We are flooding GregD's thread with the BBB posts so I thought I would open a separate thread, so as not to hijack his. All are welcome to put as much information as we can find on the link between BBB porosity and PD and other neurological diseases.
In GregD's thread, I gave evidence that Parkies all show disruption of the BBB, (Prof Leenders in Holland) and that a process or treatment like stress increases the porosity of the BBB and makes symptoms worse, whilst a tightening of the BBB with for example curcumin, improves symptoms.

One report I found states, "Alzheimer’s disease may be due to a breakdown in the blood brain barrier."

http://en.wikipedia.org/wiki/Blood-brain_barrier
Alzheimers Disease
New evidence indicates that disrupton of the blood brain barrier in AD patients allows beta amyloid containing blood plasma to enter the brain where the A beta adheres perferentially to the surface of astrocytes. These findings have led to hypothesize that (1) breakdown of the blood-brain barrier allows access of neuron-binding autoantibodies and soluble exogenous Aβ42 to brain neurons and (2) binding of these autoantibodies to neurons triggers and/or facilitates the internalization and accumulation of cell surface-bound Aβ42 in vulnerable neurons through their natural tendency to clear surface-bound autoantibodies via endocytosis. Eventually the astrocyte is overwhelmed, dies, ruptures, and disintegrates, leaving behind the insoluble Aβ42 plaque. Thus Alzheimer’s disease may be due to a breakdown in the blood brain barrier. [4]
Another report cites damage to the BBB is the cause of MS.
http://en.wikipedia.org/wiki/Blood-brain_barrier
"stabilization of the blood-brain barrier integrity
Some diseases, such as MS, begin with the BBB breakdown"

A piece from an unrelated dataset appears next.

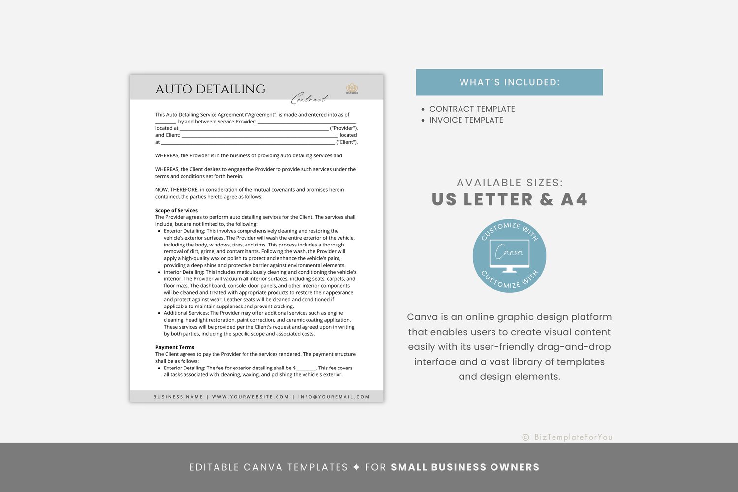 Editable Auto Detailing Service Agreement Template, Car Detailing Contract, Mobile Detailing Agreement, Vehicle Services Form, Canva #6064
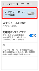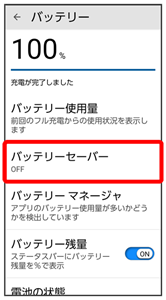 になります。 - 充電時に OFF にするをタップすると、電池残量に応じてバッテリーセーバーをOFFに設定することができます。

In the report below,it suggests that
" Wouldn't repairing the blood-brain barrier help to "cure" MS?
http://serendip.brynmawr.edu/bb/neur...3/Johnson.html


" Earlier studies have revealed the relative permeability of the molecule (MTPT), through the blood-brain barrier and its ability to induce Parkinson-like symptoms in rats."
http://209.85.165.104/search?q=cache...k&ct=clnk&cd=3


So what determines who gets Alzheimers, who gets MS and who gets PD? Is one section damaged which gives PD whilst another gives AZ? Does a damaged section of the BBB admit a compound which causes MS, whilst another damaged section causes PD by admiting a different toxin.
Is it related to time scale in how long the BBB has been "leaky", ie a very long history of low porosity leakage,l letting in small molecule toxins may give PD, whilst a short term major damage may open the floodgates and admit larger molecules which can cause AZ. It matters whether the compound has an electrical charge, and the size of the molecule.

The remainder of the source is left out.